APOL1 risk variants, race, and progression of chronic kidney disease

Abstract

Background: Among patients in the United States with chronic kidney disease, black patients are at increased risk for end-stage renal disease, as compared with white patients.

Methods: In two studies, we examined the effects of variants in the gene encoding apolipoprotein L1 (APOL1) on the progression of chronic kidney disease. In the African American Study of Kidney Disease and Hypertension (AASK), we evaluated 693 black patients with chronic kidney disease attributed to hypertension. In the Chronic Renal Insufficiency Cohort (CRIC) study, we evaluated 2955 white patients and black patients with chronic kidney disease (46% of whom had diabetes) according to whether they had 2 copies of high-risk APOL1 variants (APOL1 high-risk group) or 0 or 1 copy (APOL1 low-risk group). In the AASK study, the primary outcome was a composite of end-stage renal disease or a doubling of the serum creatinine level. In the CRIC study, the primary outcomes were the slope in the estimated glomerular filtration rate (eGFR) and the composite of end-stage renal disease or a reduction of 50% in the eGFR from baseline.

Results: In the AASK study, the primary outcome occurred in 58.1% of the patients in the APOL1 high-risk group and in 36.6% of those in the APOL1 low-risk group (hazard ratio in the high-risk group, 1.88; P<0.001). There was no interaction between APOL1 status and trial interventions or the presence of baseline proteinuria. In the CRIC study, black patients in the APOL1 high-risk group had a more rapid decline in the eGFR and a higher risk of the composite renal outcome than did white patients, among those with diabetes and those without diabetes (P<0.001 for all comparisons).

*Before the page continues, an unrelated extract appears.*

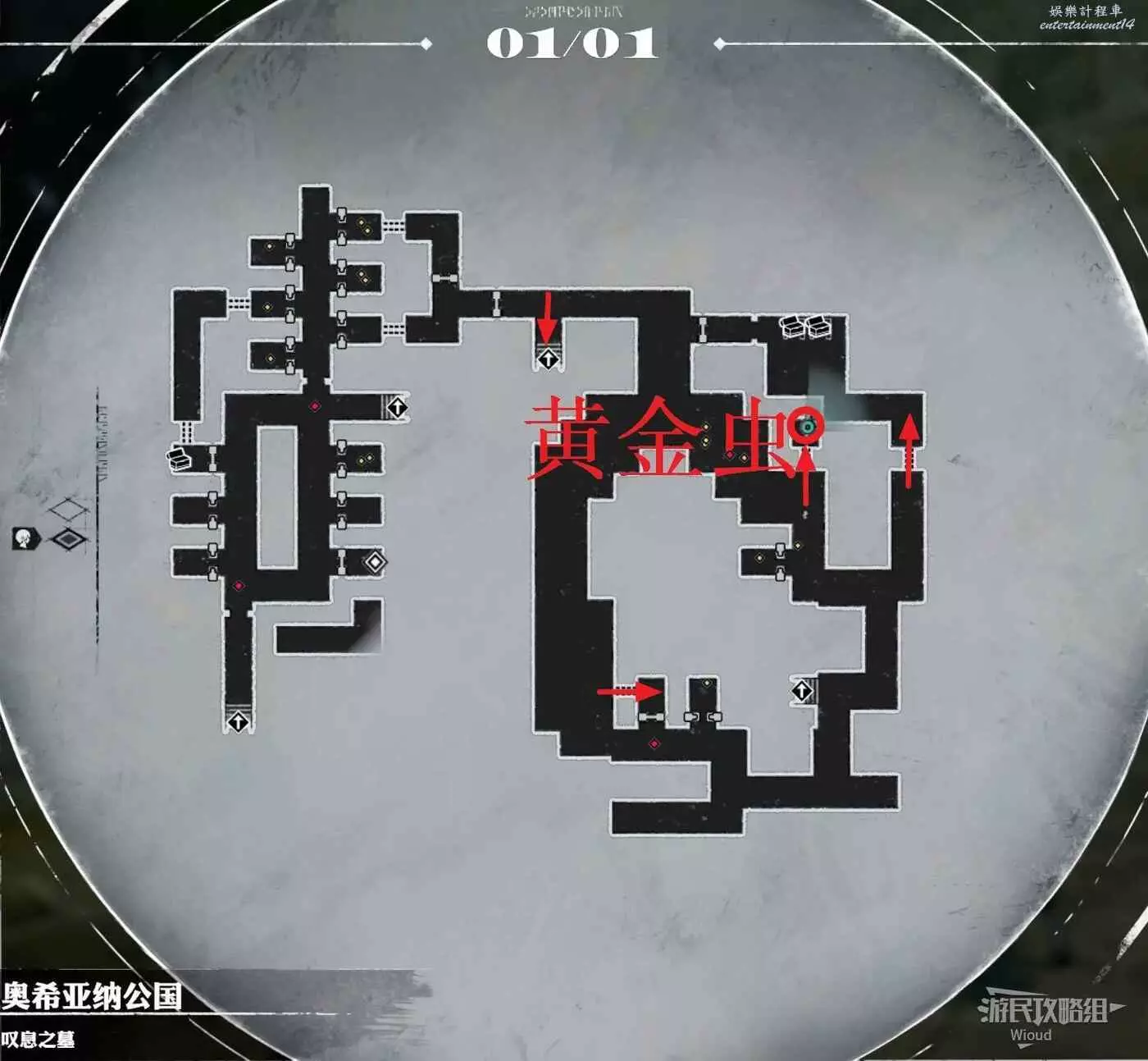 此處有三個狗洞通往不能直接走進去的房間,直接按照下圖的箭頭爬狗洞拿道具就行,中間畫圈的位置可以拿到一個黃金蟲。

Conclusions: Renal risk variants in APOL1 were associated with the higher rates of end-stage renal disease and progression of chronic kidney disease that were observed in black patients as compared with white patients, regardless of diabetes status. (Funded by the National Institute of Diabetes and Digestive and Kidney Diseases and others.).

Figures

Figure 1. Proportion of Patients Free from Progression of Chronic Kidney Disease in AASK

In the African American Study of Kidney Disease and Hypertension (AASK), the primary outcome was defined as a doubling of the serum creatinine level or incident end-stage renal disease (the analyses shown in Panels A and B). In analyses of the interaction between APOL1 variants and trial interventions, the composite outcome was a reduction of 50% in the glomerular filtration rate (as measured by iothalamate clearance) or incident end-stage renal disease (the analyses shown in Panels C and D). Panel A shows the proportion of patients, among all 693 patients who were included in the study, who were free from progression of chronic kidney disease, according to the number of copies of the high-risk APOL1 variants (0, 1, or 2 copies). In Panels B, C, and D, patients who had 2 copies of high-risk APOL1 variants were classified as being in the APOL1 high-risk group; those with 0 or 1 copy were categorized as being in the APOL1 low-risk group. Panel B shows the results with stratification of the patients according to the proteinuria status at baseline and APOL1 risk status. Proteinuria was defined as a ratio of urinary protein to creatinine of at least 220 (with urinary protein measured in milligrams and creatinine in grams) or 0.22 (with both measured in grams). Panel C shows the results with stratification of the patients according to the randomized level of blood-pressure control (intensive vs. standard) and APOL1 risk status. Panel D shows the results with stratification of the patients according to whether they were assigned to receive an angiotensin-converting–enzyme (ACE) inhibitor or other antihypertensive medication and APOL1 risk status.

Figure 2. Between-Group Comparisons of the Estimated Glomerular Filtration Rate (eGFR) Slope and Proportion of Patients Free from a Primary Outcome Event in the CRIC Study

In the Chronic Renal Insufficiency Cohort (CRIC) study, the primary outcomes were the eGFR slope and a composite of end-stage renal disease or a reduction of 50% in the eGFR from baseline. Shown are mean differences in the eGFR slope for black patients in the APOL1 high-risk group versus white patients, black patients in the APOL1 low-risk group versus white patients, and black patients in the APOL1 high-risk group versus black patients in the APOL1 low-risk group, among patients with diabetes (Panel A) and among those without diabetes (Panel B). In Panels A and B, the I bars indicate 95% confidence intervals. I bars that cross above the horizontal black line indicate that the difference in eGFR is not significant. Also shown are the proportions of white patients and black patients in the APOL1 high-risk and low-risk groups who were free from the primary outcome of end-stage renal disease or a reduction of 50% in the eGFR from baseline, among patients with diabetes (Panel C) and among those without diabetes (Panel D).